Changing the `--threads-per-core` does not affect this: 
salloc --ntasks-per-node=1 --threads-per-core=2 --cpus-per-task=256 --ntasks-per-core=1 --mem-per-cpu=920
   NumNodes=1 NumCPUs=256 NumTasks=1 CPUs/Task=256 ReqB:S:C:T=0:0:*:2
   TRES=cpu=256,mem=230G,node=1,billing=256
   Socks/Node=* NtasksPerN:B:S:C=1:0:*:1 CoreSpec=*
   MinCPUsNode=256 MinMemoryCPU=920M MinTmpDiskNode=0

salloc --ntasks-per-node=1 --threads-per-core=1 --cpus-per-task=128 --ntasks-per-core=1 --mem-per-cpu=1840
   NumNodes=1 NumCPUs=128 NumTasks=1 CPUs/Task=128 ReqB:S:C:T=0:0:*:2
   TRES=cpu=128,mem=230G,node=1,billing=128
   Socks/Node=* NtasksPerN:B:S:C=1:0:*:1 CoreSpec=*
   MinCPUsNode=128 MinMemoryCPU=1840M MinTmpDiskNode=0

(Note that the last of the above reports the incorrect number of cpus reserved due to the memory requested and the DefMemPerCPU, which should reserve and bill for 256) 

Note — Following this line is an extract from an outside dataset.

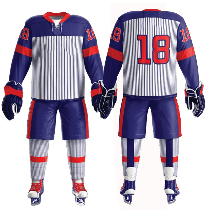 Uniforme de hockey sur glace unisexe personnalisé OEM, broderie par sublimation, entraînement sportif, respirant, séchage rapide, uniforme de hockey sur glace
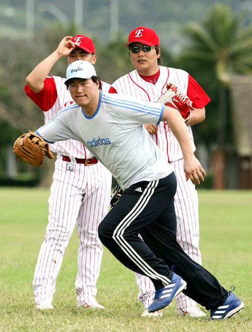 지난 2일 출국해 한화 이글스의 미국 하와이 전지훈련 캠프에 합류한 '빅초이' 최희섭(LA 다저스)이 첫 날부터 훈련에 힘을 쏟고 있다. 한화 1루수로서 중심타자이자 WBC 주전 경쟁을 벌여야 할 후배 김태균이 지켜보는 가운데 최희섭이 수비훈련을 하고 있다. /한화 이글스 제공 [Copyright ⓒ 한국 최고의 스포츠 전문 미디어 OSEN(www.osen.co.kr) 무단전재 및 재배포 금지]

If one requests memory that would exceed the 230GB given the number of --cpus-per-task, the request should fail but does not iff threads-per-core=2. For threads-per-core=1, the following is seen

salloc --ntasks-per-node=1 --threads-per-core=1 --cpus-per-task=128 --ntasks-per-core=1 --mem=230G
   NumNodes=1 NumCPUs=256 NumTasks=1 CPUs/Task=128 ReqB:S:C:T=0:0:*:1
   TRES=cpu=256,mem=230G,node=1,billing=256
   Socks/Node=* NtasksPerN:B:S:C=1:0:*:1 CoreSpec=*
   MinCPUsNode=128 MinMemoryNode=230G MinTmpDiskNode=0
salloc --ntasks-per-node=1 --threads-per-core=1 --cpus-per-task=128 --ntasks-per-core=1 --mem=237G
salloc: error: Job submit/allocate failed: Requested node configuration is not available
 salloc --ntasks-per-node=1 --threads-per-core=1 --cpus-per-task=128 --ntasks-per-core=1 --mem-per-cpu=1850
salloc: error: Job submit/allocate failed: Requested node configuration is not available

Both failed requests exceed the 230G in the configuration. Yet I can exceed this memory limit by setting threads-per-core=2
salloc --ntasks-per-node=1 --threads-per-core=2 --cpus-per-task=128 --ntasks-per-core=1 --mem-per-cpu=1850
   NumNodes=1 NumCPUs=256 NumTasks=1 CPUs/Task=256 ReqB:S:C:T=0:0:*:2
   TRES=cpu=256,mem=236800M,node=1,billing=256
   Socks/Node=* NtasksPerN:B:S:C=1:0:*:1 CoreSpec=*
   MinCPUsNode=128 MinMemoryCPU=925M MinTmpDiskNode=0

salloc --ntasks-per-node=1 --threads-per-core=2 --cpus-per-task=128 --ntasks-per-core=1 --mem=239G
   NumNodes=1 NumCPUs=128 NumTasks=1 CPUs/Task=128 ReqB:S:C:T=0:0:*:2
   TRES=cpu=128,mem=239G,node=1,billing=128
   Socks/Node=* NtasksPerN:B:S:C=1:0:*:1 CoreSpec=*
   MinCPUsNode=134 MinMemoryNode=239G MinTmpDiskNode=0

salloc --ntasks-per-node=1 --threads-per-core=2 --cpus-per-task=256 --ntasks-per-core=1 --mem=239G
   NumNodes=1 NumCPUs=256 NumTasks=1 CPUs/Task=256 ReqB:S:C:T=0:0:*:2
   TRES=cpu=256,mem=239G,node=1,billing=256
   Socks/Node=* NtasksPerN:B:S:C=1:0:*:1 CoreSpec=*
   MinCPUsNode=256 MinMemoryNode=239G MinTmpDiskNode=0

There is a bug here when threads per core is not 1. 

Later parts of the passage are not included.